Actions speak louder than words and communication is not all verbal. It’s not just about what you say and do, but also what goes unsaid and not done.
The small print is the stuff that undermines your efforts and the relationship and changes the reality of what you’re in. The small print is when you recognise the relationship is on their ‘terms’ and what you need to let slide, both in boundaries, but also in maintaining your own sense of self, in order for them to get what they want and serve their needs.

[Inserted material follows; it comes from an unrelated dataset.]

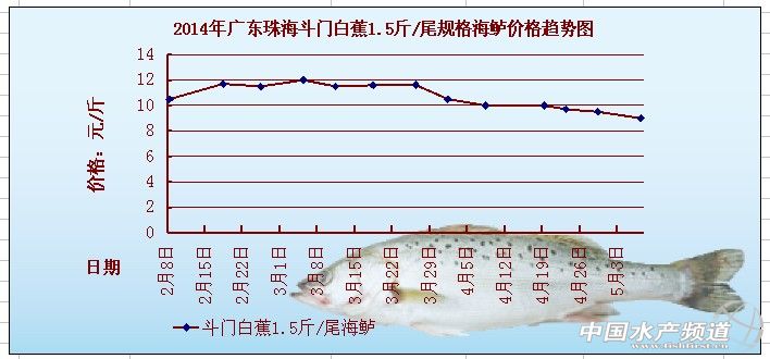 文/中國水產頻道張靜 中國水產頻道獨家報道,據悉,本周各地草魚存塘量少、市場銷售行情較好,草魚價格保持穩定上漲。本周黃顙魚價格受市場銷售量的影響,價格整體出現下滑。具體價格如下: 廣東中山地區的魚種相比上周上漲0.1元/斤,其它規格草魚價格跟上周持平。江蘇鹽城射陽地區除了4斤以上/尾規格的草魚價格跟上周一樣,其它規格草魚價格相比上周上漲0.4-0.6元/斤。上海地區5-7斤/尾規格的草魚價格相比上周上漲0.4元/斤。浙江湖州地區0.3斤/尾(新口)規格黃顙魚價格相比上周下降0.6元/斤,0.4斤/尾(老口)規格黃顙魚價格相比上周則下降0.8-1元/斤。廣東佛山地區0.4斤/尾規格黃顙魚價格相比上周下降1元/斤。浙江湖州地區的翹嘴紅鲌價格相比上周上漲0.4-0.6元/斤。 5月7日珠海斗門白蕉地區1.5斤/尾規格的海鱸價格是9元/斤,相比上周下降0.5元/斤。以下圖1是2014年2月-4月珠海斗門白蕉1.5斤/尾規格海鱸的價格表,圖2是2014年2月-4月珠海斗門白蕉1.5斤/尾規格海鱸的價格趨勢圖,由圖中可以看出3月下旬到4月份海鱸的價格就開始整體下滑。 圖2、2014年珠海斗門白蕉1.5斤/尾規格海鱸的價格趨勢圖 以下是2013年和2014年的珠海斗門地區的海鱸價格對比趨勢圖,圖中可以看出2014年海鱸的價格起步就比2013年的海鱸價格要高4-5元/斤,但是從2014年3月下旬開始出現較大幅度的下滑。 關鍵字: 草魚 黃顙魚 海鱸 水產養殖 中國水產頻道獨家報道,轉載請注明出處m.fuqitext.com! |
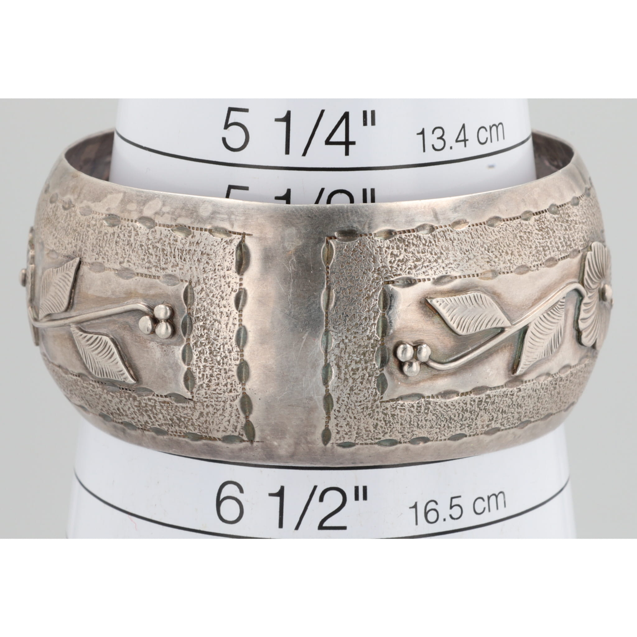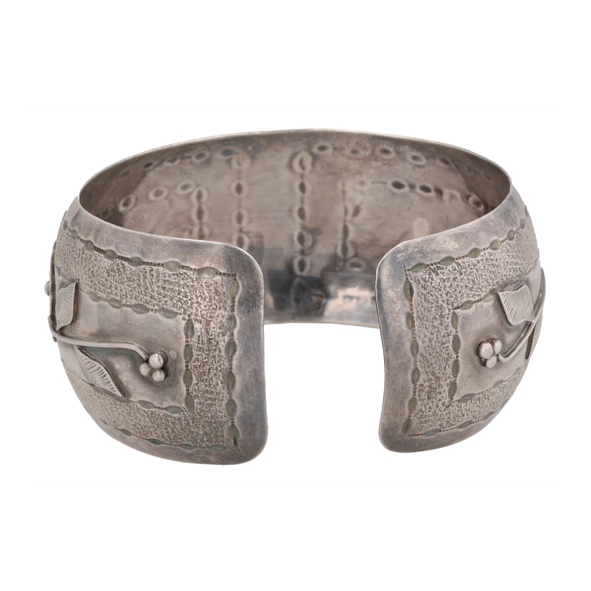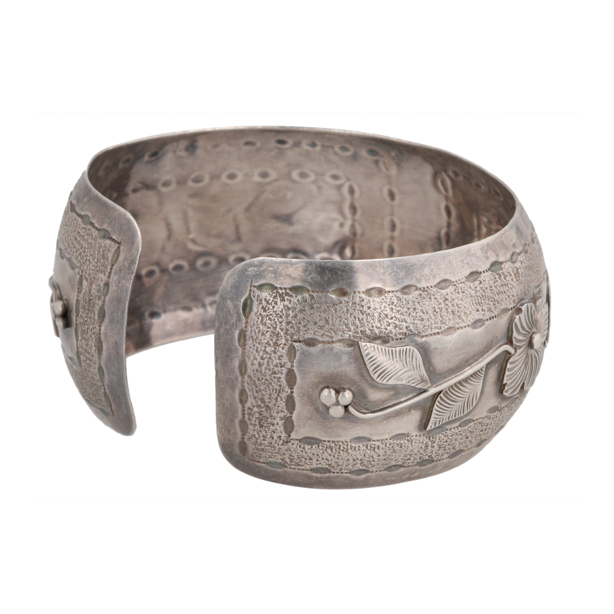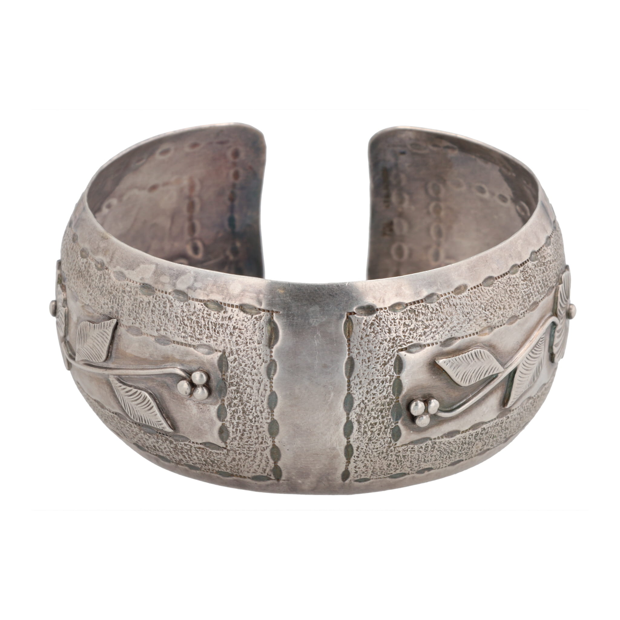 Signed YDL Trinidad Sterling Floral Stamp Work Cuff Bracelet 28g

Boundaries are your non negotiables. By knowing what you are not prepared to accept, you teach people how to treat you and what to expect. Every time someone tries to change the ‘terms and conditions’ on you, they’re testing your boundaries and it is an opportunity to assess whether you accept, or reject, or find an opportunity for compromise. Although keep in mind, that when you’re with someone who keeps downgrading your relationship and blindsiding you with new terms that are based on their needs, you may not get compromise.
In the meantime, you need your own terms and conditions – not with small print, but with clear terms (boundaries) that you reflect in what you do in your relationships.